╔══

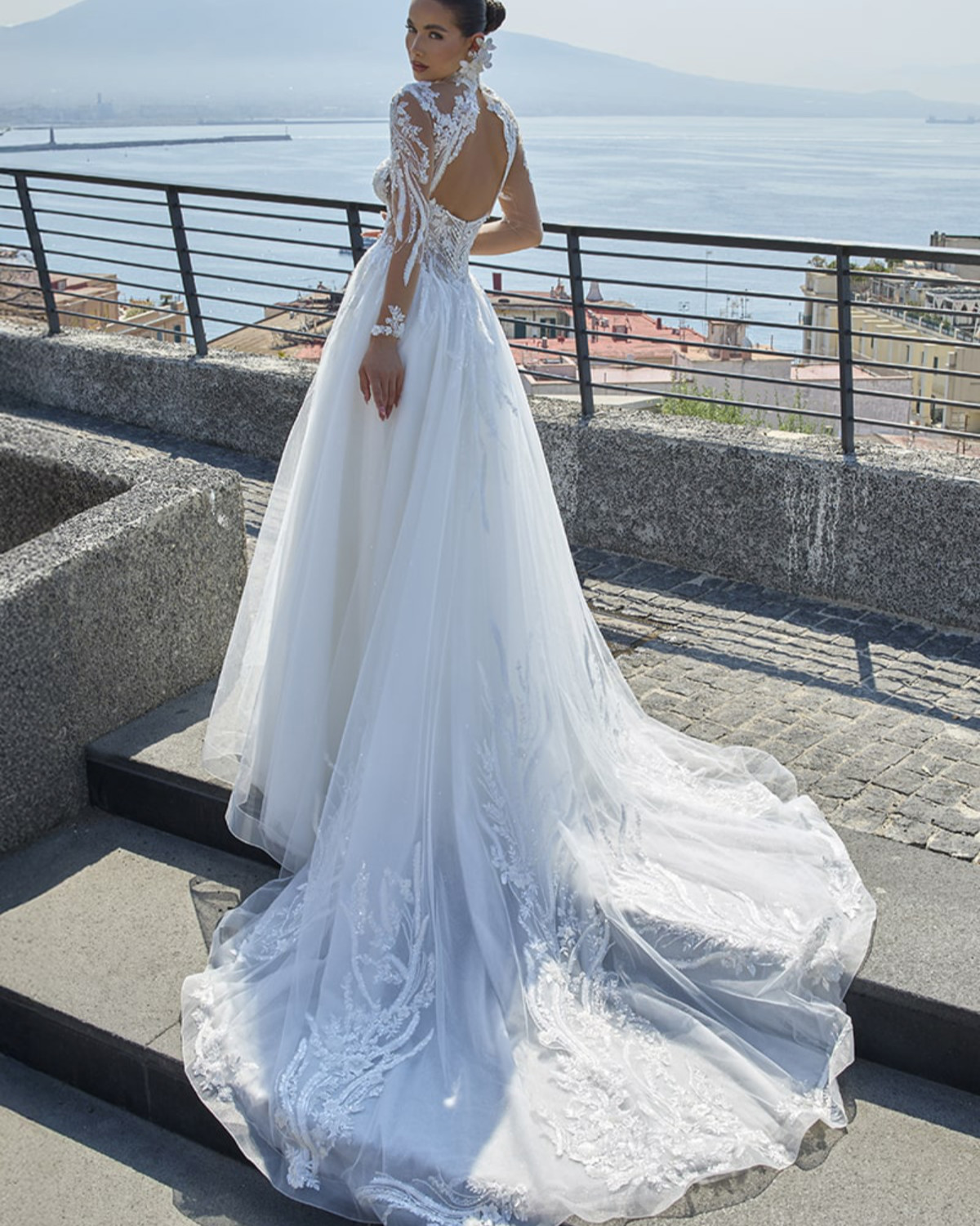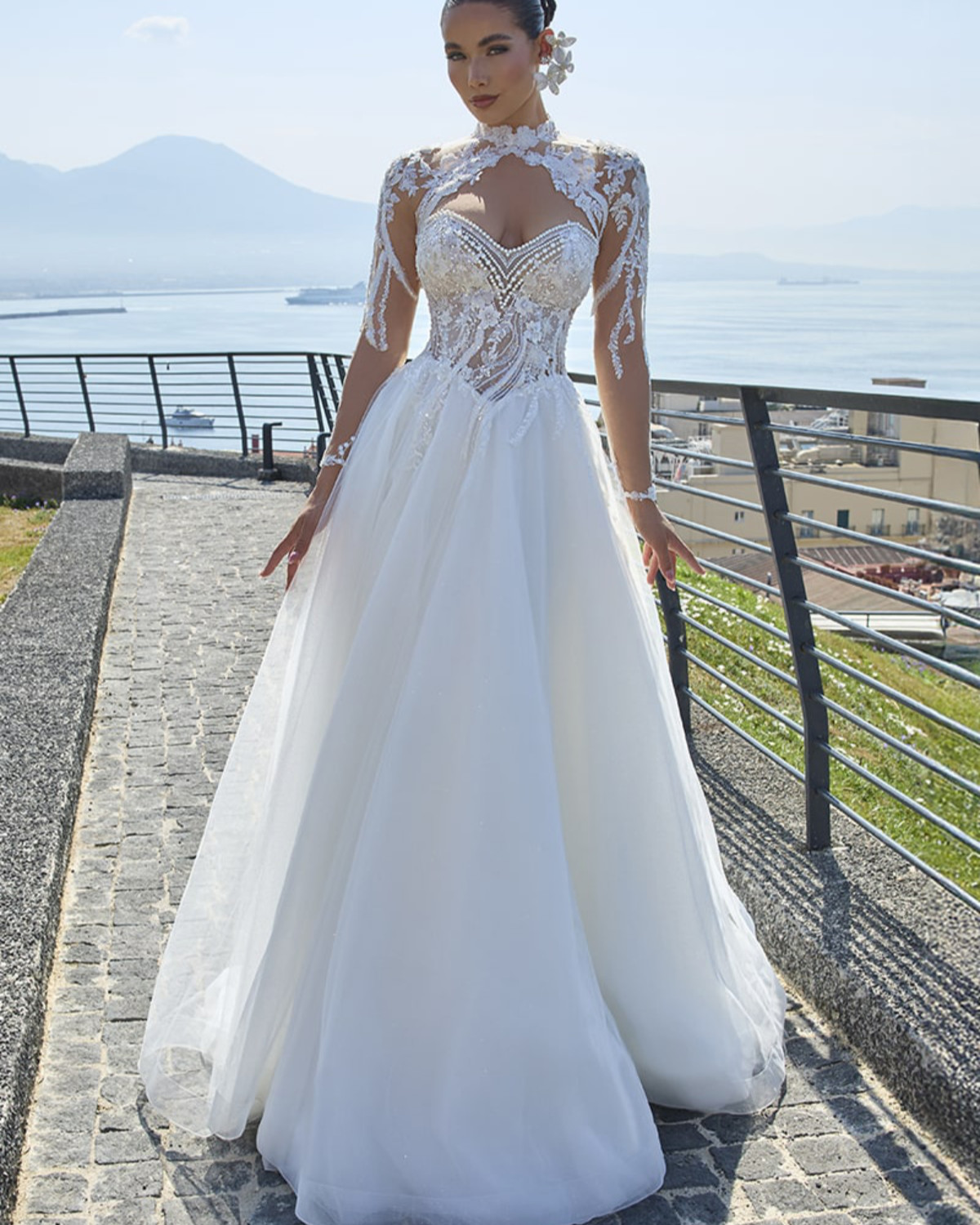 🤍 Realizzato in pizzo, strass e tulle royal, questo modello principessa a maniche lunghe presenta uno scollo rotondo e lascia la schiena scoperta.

╚══
╔══

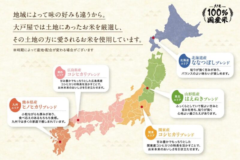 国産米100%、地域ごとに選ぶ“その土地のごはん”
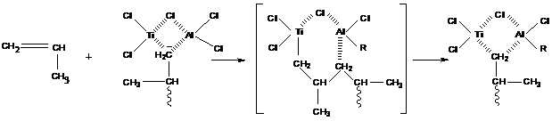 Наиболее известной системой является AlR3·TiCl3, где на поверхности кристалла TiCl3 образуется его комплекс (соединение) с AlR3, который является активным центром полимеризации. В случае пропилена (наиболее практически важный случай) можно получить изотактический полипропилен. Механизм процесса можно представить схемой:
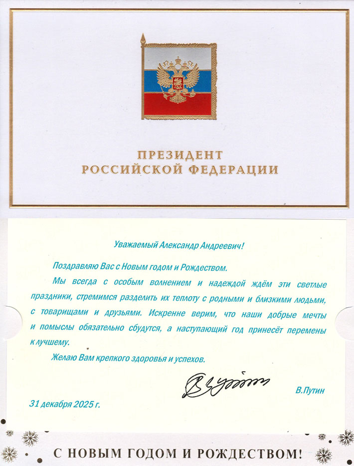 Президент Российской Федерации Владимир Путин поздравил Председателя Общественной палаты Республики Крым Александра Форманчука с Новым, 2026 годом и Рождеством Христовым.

╚══

- **Exercise prompt**: Every line above in the stretch from the one with "Наиболее известной системой" through the one with "Президент Российской Федерации" is to be transcribed exactly, ends included. No picture is copied.

- **Response for this exercise**:
 Наиболее известной системой является AlR3·TiCl3, где на поверхности кристалла TiCl3 образуется его комплекс (соединение) с AlR3, который является активным центром полимеризации. В случае пропилена (наиболее практически важный случай) можно получить изотактический полипропилен. Механизм процесса можно представить схемой:
 Президент Российской Федерации Владимир Путин поздравил Председателя Общественной палаты Республики Крым Александра Форманчука с Новым, 2026 годом и Рождеством Христовым.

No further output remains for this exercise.